Retype, exactly as they appear below, the lines between the line holding "This sheer, lightweight" and the line holding "Передовая статья газеты", both ends included.

[Available records]
┌──

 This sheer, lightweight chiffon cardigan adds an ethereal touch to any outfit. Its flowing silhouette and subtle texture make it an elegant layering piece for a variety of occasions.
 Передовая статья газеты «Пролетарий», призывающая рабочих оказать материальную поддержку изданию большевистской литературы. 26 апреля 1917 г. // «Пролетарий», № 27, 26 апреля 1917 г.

└──
┌──

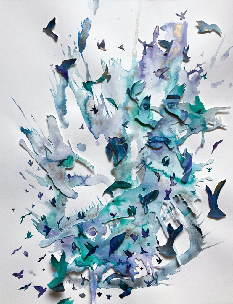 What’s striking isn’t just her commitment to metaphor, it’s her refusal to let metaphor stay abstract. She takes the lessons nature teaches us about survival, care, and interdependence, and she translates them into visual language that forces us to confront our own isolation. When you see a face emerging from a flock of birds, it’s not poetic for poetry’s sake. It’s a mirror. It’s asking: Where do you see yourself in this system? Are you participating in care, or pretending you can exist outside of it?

└──

[Written solution]
 This sheer, lightweight chiffon cardigan adds an ethereal touch to any outfit. Its flowing silhouette and subtle texture make it an elegant layering piece for a variety of occasions.
 Передовая статья газеты «Пролетарий», призывающая рабочих оказать материальную поддержку изданию большевистской литературы. 26 апреля 1917 г. // «Пролетарий», № 27, 26 апреля 1917 г.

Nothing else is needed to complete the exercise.